Today's Lectionary Text
Six days later, Jesus took with him Peter and James and John, and led them up a high mountain apart, by themselves. And he was transfigured before them, and his clothes became dazzling white, such as no one on earth could bleach them. And there appeared to them Elijah with Moses, who were talking with Jesus. Then Peter said to Jesus, “Rabbi, it is good for us to be here; let us make three dwellings, one for you, one for Moses, and one for Elijah.” He did not know what to say, for they were terrified. Then a cloud overshadowed them, and from the cloud there came a voice, “This is my Son, the Beloved; listen to him!” Suddenly when they looked around, they saw no one with them any more, but only Jesus.

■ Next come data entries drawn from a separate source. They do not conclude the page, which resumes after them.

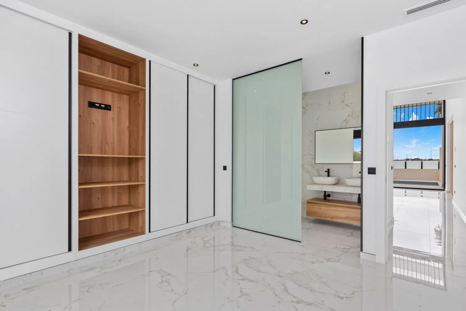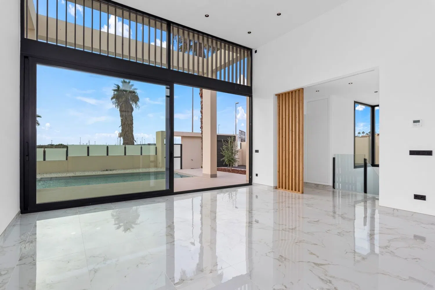 This modern villa, nestled in a serene neighborhood, is designed across two levels and features three spacious bedrooms and three bathrooms. The open layout includes a fully equipped American kitchen that seamlessly connects to the living area, creating an expansive and functional space for relaxation and entertainment.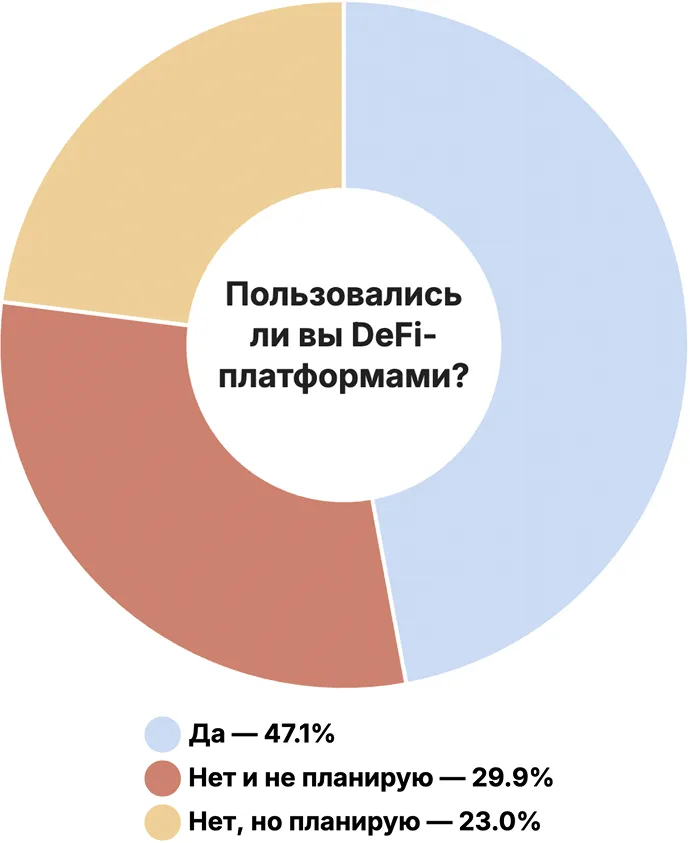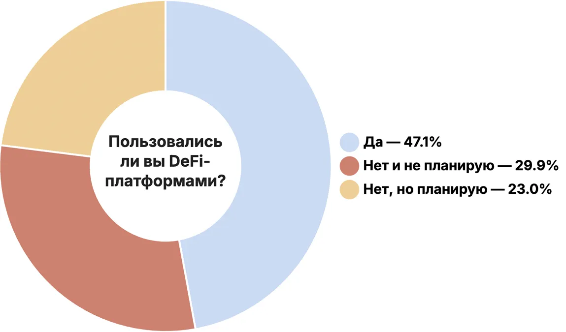 2025年には、47.1%の回答者がDeFiプラットフォームを利用しています。さらに23%は将来的に利用予定です。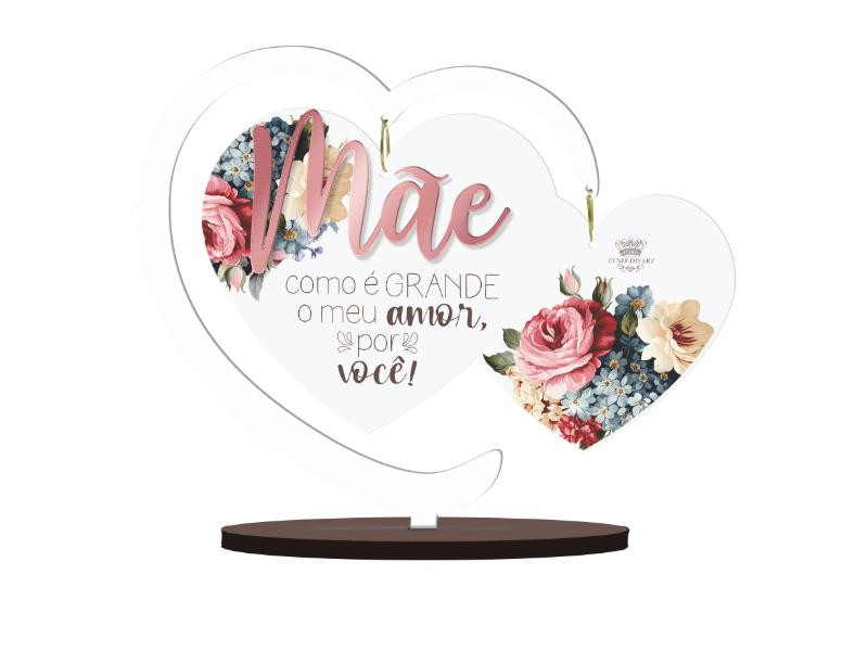 ENFEITE DE MESA COM CORAÇÃO EM ACRILICO E APLIQUE MÃE...16X18X4,5
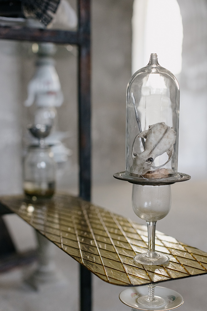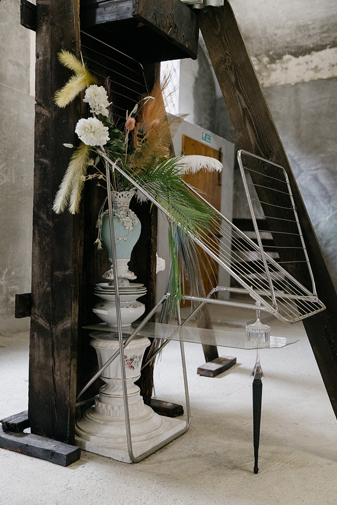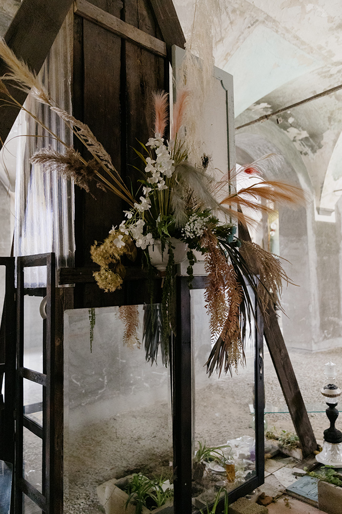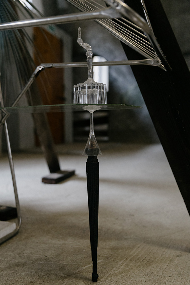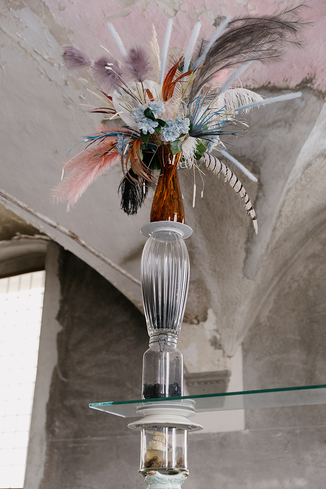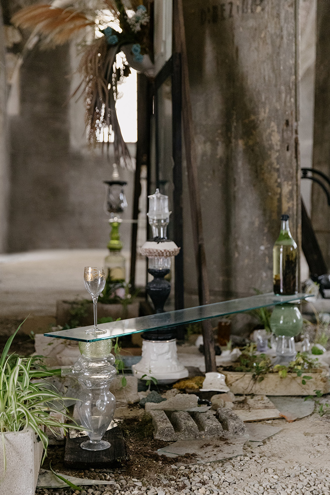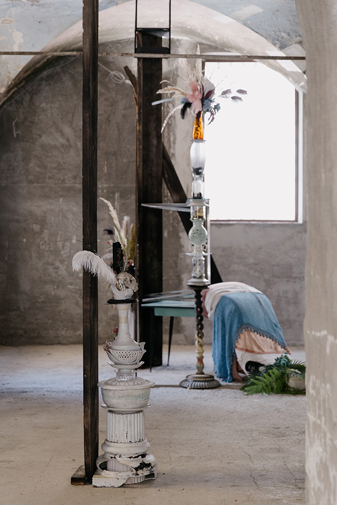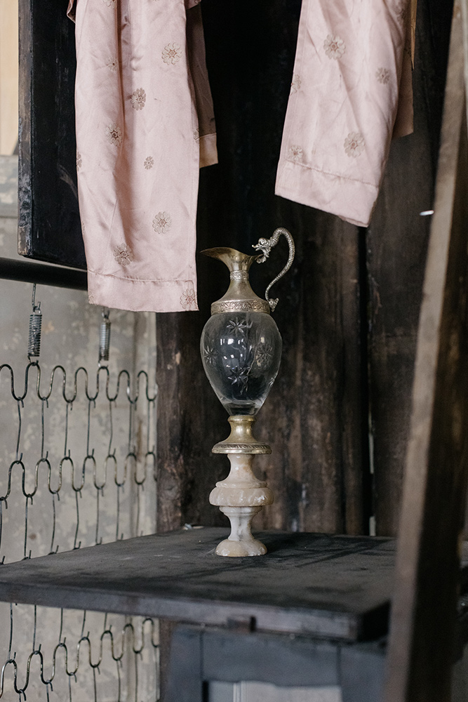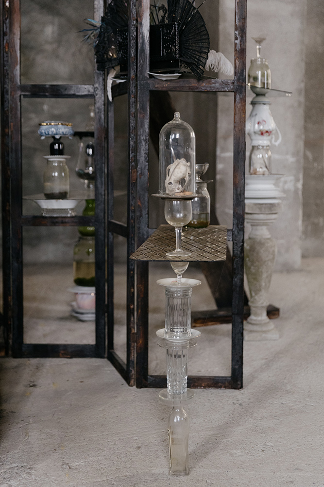 Chiara Bettazzi è attratta dai luoghi liminali, abbandonati o dimenticati, in cui attiva nuove narrazioni attraverso l’assemblaggio di materiali raccolti sul posto o nel tempo. Le sue “colonne della memoria” si innestano nell’antica spezieria, evocandone le plurime stratificazioni: da farmacia monastica (vasi, ampolle), a laboratorio di “rapé”, ovvero potente tabacco da fiuto, di cui resta il “relitto” della porta dell’ufficio della direzione di Manifattura Tabacchi. Le parti carbonizzate rimandano a un incendio del 1960, mentre l’affastellamento degli oggetti ricorda gli arredi provvisori del centro profughi allestito a Sant’Orsola nel secondo dopoguerra. Piante spontanee crescono tra i materiali, segni di una persistenza organica che sfida l’inorganico. L’opera si configura come un archivio materico, dove ogni frammento è traccia da interrogare.

As they were coming down the mountain, he ordered them to tell no one about what they had seen, until after the Son of Man had risen from the dead.
One hot summer day when I was 10 or 11, my friend Betsy and I got involved in a mystery together. KIT radio in Yakima, Washington, was giving away a pair of tickets to a Braves game scheduled for that evening. The Braves were the local semi-pro baseball team. To win the tickets all one had to do was guess the coin make-up that added up to $1.34 (or some amount I don’t remember exactly). The announcer would toss the coins on the table and folks would call in with their guess. It was hard to get through, but it would be worth the wait for the winner. Betsy and I were taking turns placing the call. On my turn, finally, I got through. I gave my answer. It was right! I had solved the mystery. I won the tickets! That evening my dad and I got to go to the ball game.
That was a mystery. It was a riddle, a stumper, something to solve, to unravel. Aren’t mysteries fun? The story in today’s Scripture reading involves mystery as well. However, that may not be the kind of mystery this reading depicts. Rather it is a story of Holy Mystery. In the narrative Peter, James, and John witnessed this Holy Mystery. It stunned and bedazzled them. They watched as Jesus was changed right in front of them, and they saw Elijah and Moses join Jesus. Wow! The Holy Mystery was displayed before their eyes.
The Holy Mystery surrounded Jesus and emanated from him. This was not the same mystery that involves guessing the number of coins that make up $1.34. It was the kind of Mystery that words cannot describe. It was Mystery that exudes power and authority. It was Mystery that defies definition. It was Mystery that fills and urges and offers help.
What did Peter, James, and John do? They offered to do the practical thing, to build dwellings for Jesus, for Elijah, and for Moses. Then this Holy Mystery could be contained, made comfortable, and kept under control. It could be worshipped.
Sometimes in our own rush to be in control and to perform in those ways God expects of us, we forget God is Holy and that means worshipping and adoring God. We need to be filled with awe and wonder at this great and amazing God, who appears in the transfigured Jesus.
However, as we are filled with such a spectacle of glory and power, we can allow the power to fill, energize and transfigure us. We can be changed into God’s creatures who use our own selves -- our hands, our voices, our gifts, and talents -- in the world where we are. We can allow ourselves to be used to help transfigure the world into something better, into a just place, a place where no one is treated better than another, and where each person is concerned for the well-being of every other person.
We will not ever completely “get” the Holy Mystery. What we will get is the chance to join that Holy Mystery in bringing the world closer to that which God desires it to be.
-Rev. Dianne Tombaugh
Prayer for Reflection
O Holy Mystery, fill us with awe that strengthens and empowers us. Show us how to use such strength and power to change the world and bring it closer to you. Amen.